--- Exercise data ---

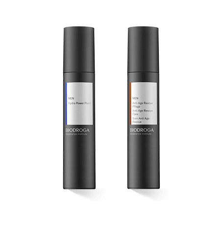 Das Biodroga Bioscience Institute Men Hydra Power Fluid ist eine flüssige Creme, die die Haut nach der Rasur beruhigt, sie durchfeuchtet und ihr Energie schenkt. Die Poren werden verfeinert, der Teint mattiert. Durch eine stärkere Hautbarriere ist die Haut besser vor Schäden durch Umwelteinflüsse geschützt. Das Fluid ist besonders für trockene Haut geeignet. Die Bioscience Institute Men Anti-Age Rescue Pflege nutzt biotechnologische Inhaltsstoffe, um die Haut zu vitalisieren, zu glätten und zu straffen. Die Creme verbessert die Kollagensynthese, dadurch wird die Haut gestrafft und fester. Das Kollagen bleibt länger in der Haut erhalten, in Verbindung mit zusätzlicher Feuchtigkeit wird die Haut glatter. Die Haut erhält neue Energie, wirkt frisch und regeneriert sich leichter. Die Creme pflegt vor allem reife Männerhaut.
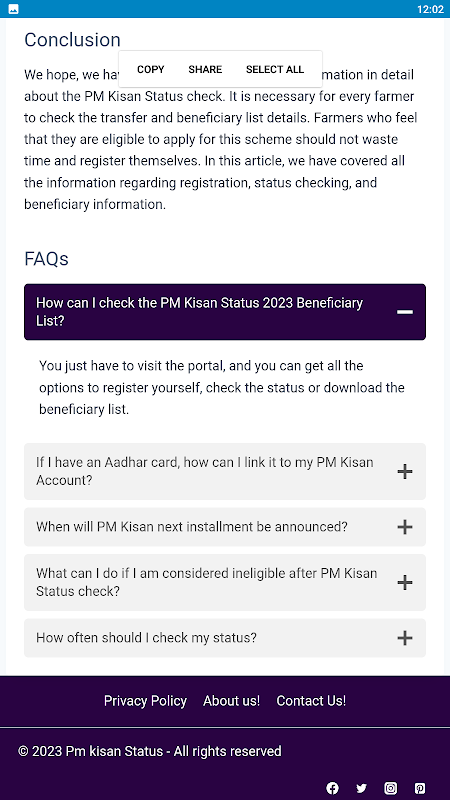 الإصدارات القديمة لـ PM KISAAN STATUS
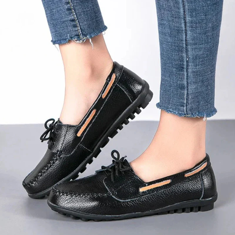 Orthopädische flache Ledermokassins für Damen mit Schnürsenkeln
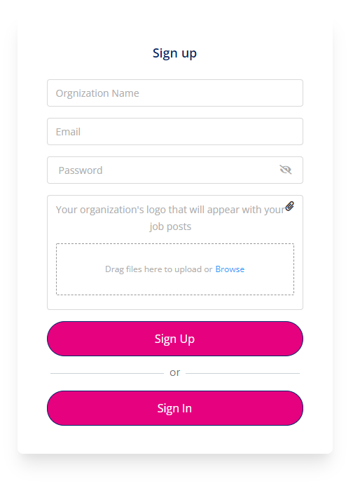 Input your organization's name, email, password, and organization logo, and click "sign-up".
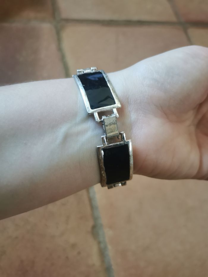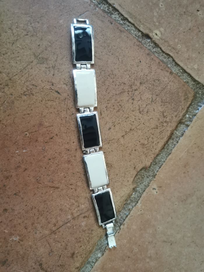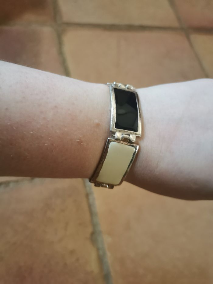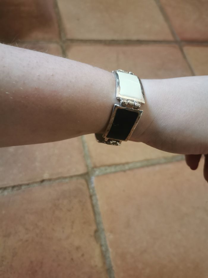 Bacelet argenté émaillé blanc et noir. Bon état général, bracelet est vintage, fermoire fonction, bracelet comporte quelques traces d'oxydation. Dimensions : Longueur : 16,5 cm Largeur : 16 mm Poids : 47g
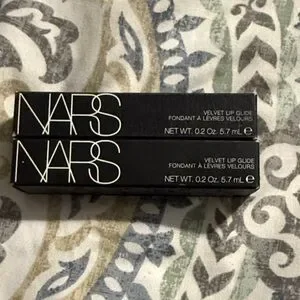 Two NARS Velvet Lip Glide boxes. Classic black retail packaging with white logo text. Compact lip gloss packaging for travel or gifting. La main bleue and danceteria
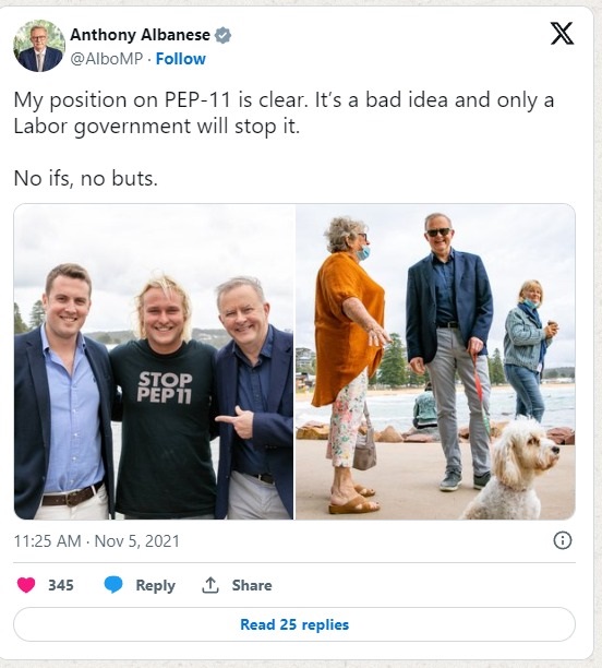 It should be remembered that current Australian Prime Minister Anthony Albanese also campaigned during the last federal lection on a platform of not supporting PEP-11:

---

Problem description =>
Write out exactly, and nothing more than, the lines of the entries above from the line containing "Input your organization's" through the final line; omit any pictures.

Response box =>
 Input your organization's name, email, password, and organization logo, and click "sign-up".
 Bacelet argenté émaillé blanc et noir. Bon état général, bracelet est vintage, fermoire fonction, bracelet comporte quelques traces d'oxydation. Dimensions : Longueur : 16,5 cm Largeur : 16 mm Poids : 47g
 Two NARS Velvet Lip Glide boxes. Classic black retail packaging with white logo text. Compact lip gloss packaging for travel or gifting. La main bleue and danceteria
 It should be remembered that current Australian Prime Minister Anthony Albanese also campaigned during the last federal lection on a platform of not supporting PEP-11:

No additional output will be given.